Tabitha left the shopping centre far behind, soaring over the motorway and heading for woods and distant hills. She watched her winged shadow rippling over roads and corrugated warehouse roofs; a vast dark shape that tumbled like a deathly spectre over the trees below. Together they shot over fields and scattered terrified sheep, whipping up dust clouds in their thundering wake. They swept low over a river and kicked up a misty spray behind them, and climbed and twisted sharply into the endless sky above. The world was a green patchwork, laid out far below. Up above, only shining white clouds and dazzling sunshine. Drunk on flight Tabitha pushed the creature up and up into the blue, until the land far below was shrouded in a distant haze. She gasped in shock and pulled away from the vision, and the dragon dropped from the sky. Something had gripped her just then, tingling her limbs like an electric shock. She took control again, and eased the ship down lower in the sky. Its jet scales fell silent. They headed lower still, gliding silently over fields and villages, until they landed down in a distant town on the roof of a tall hotel building. Tabitha willed herself out of the ship’s eyes and dropped out of her trance. She felt a little dizzy and disoriented from the experience, but not drained at least. When she raised the saddle up through the hatch above and unclipped her harness, Tabitha felt like she’d just finished a rollercoaster ride. She looked down at the hotel roof and wondered how she was going to jump down from the creature’s back. Did she have to park the thing first? Or somehow lie it down on the roof so she could jump off its shoulders? To her surprise it brought its wing around like a platform, waited for her to hop onto it, and then it lowered her gently to the roof.

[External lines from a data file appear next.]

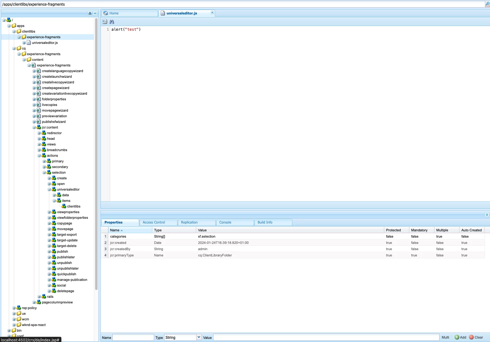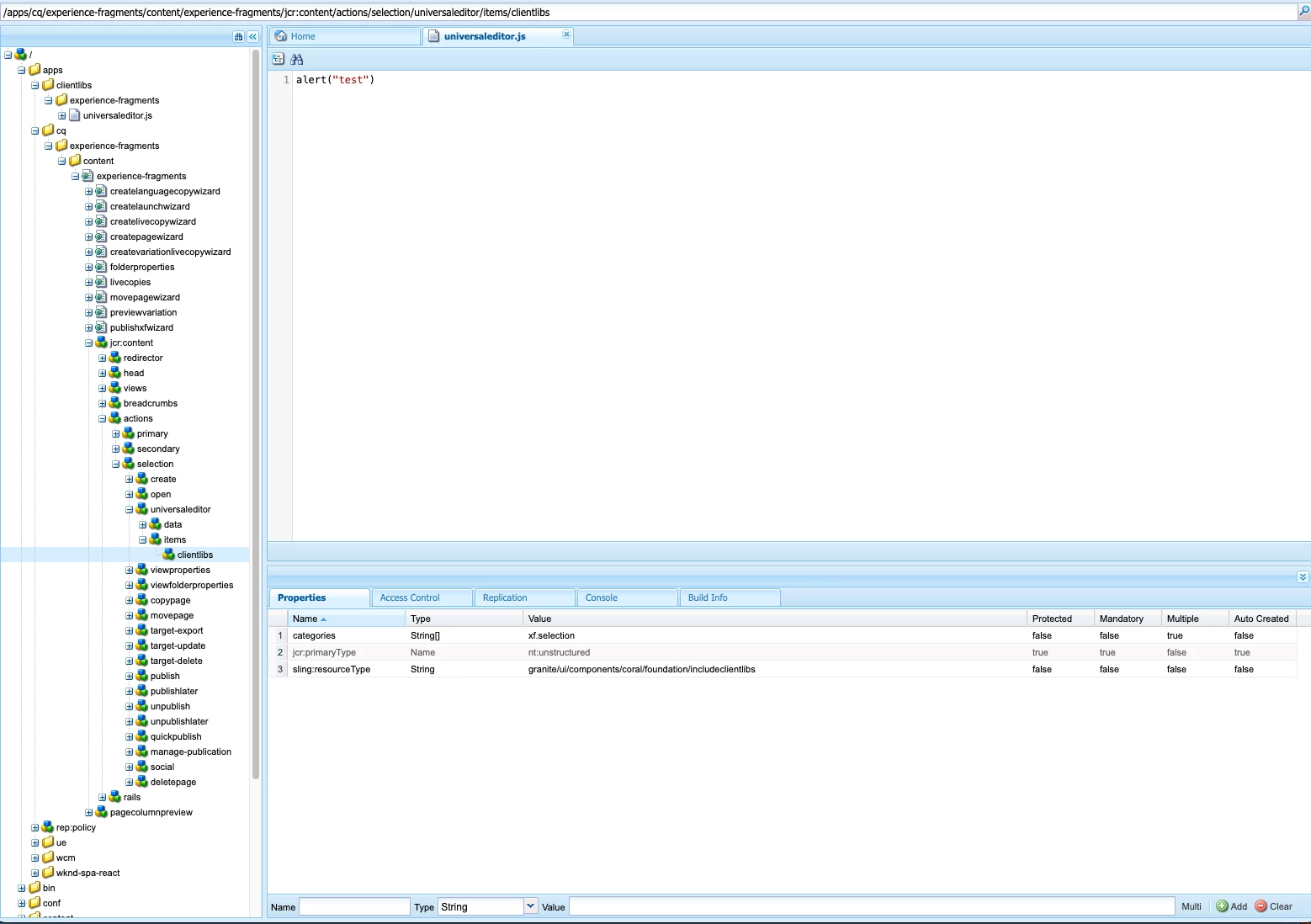 The clientlibs folder is created with some categories andcq:ClientLibraryFolder jcr:primaryType (screenshot 1) and containing the script universaleditor.js. The button "universaleditor" has the child "items" containing the node "clientlibs" with the categories of the clientlibs folder and sling:resourceType granite/ui/components/coral/foundation/includeclientlibs (screenshot 2).
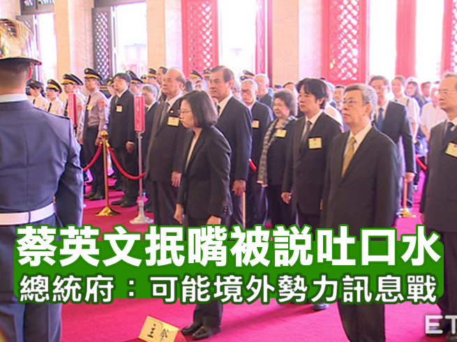 九三軍人節當天,蔡英文總統在副總統陳建仁等人陪同下,赴台北市的忠烈祠主持中華民國107年秋祭忠烈祠殉職人員典禮,網路上流傳一段影片顯示,在儀式結束後,總統蔡英文向旁邊「啐」了一口。對此,總統府發言人林鶴明表示,第一時間出現簡體字版本的訊息,可能伴同境外勢力操作的訊息戰,應該明辨並遏止假消息的傳播。
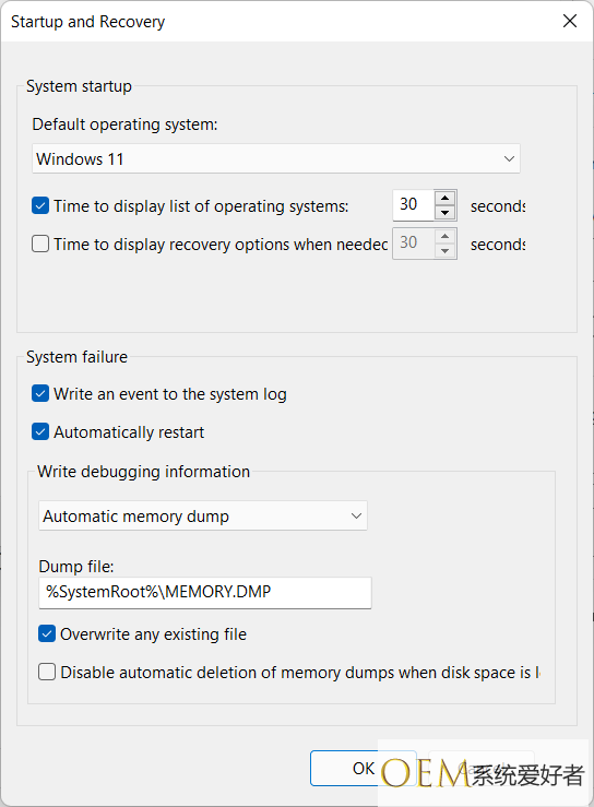 在“启动和恢复设置”部分中,您可以更改 pc 在系统故障后将执行操作,例如自动重启。

‘Er, thanks,’ she said awkwardly, looking up at its white eyes that stared straight ahead. She couldn’t believe it. The thing had been trying to kill her a few minutes ago. Now it was completely indifferent. What had changed? Was it her alien hands, some kind of fingerprint when she grabbed the saddle? Or had she just pushed the right button to control it?
‘You’ve got a lot more being nice to do before I forget you were trying to kill me,’ she told it. The ship didn’t so much as look at her. Why wasn’t it trying to grab her, eat her? It perched there like a statue on the rooftop, almost Art-Deco to look at with its strange rectangular wings. At least it wasn’t the one that had killed Will and Liv on the castle walls; Tabitha knew that much. She’d seen that one drop and crash when the jet shot it down. If this had been the same dragon, she’d be tearing it to pieces. Tabitha sat down on the roof and zipped her coat up, rubbing the soreness from her trembling legs. The world was as dead and empty as ever, except now it was a little chillier too. Autumn rust was creeping into the leaves of trees down below on the street. The sun didn’t have that same summer warmth to it any more. Tabitha peered back over her shoulder once in a while, checking on the ship. It just sat there like a giant reptile, staring ahead and doing nothing. What was it? Animal, machine, what? How could it look like both?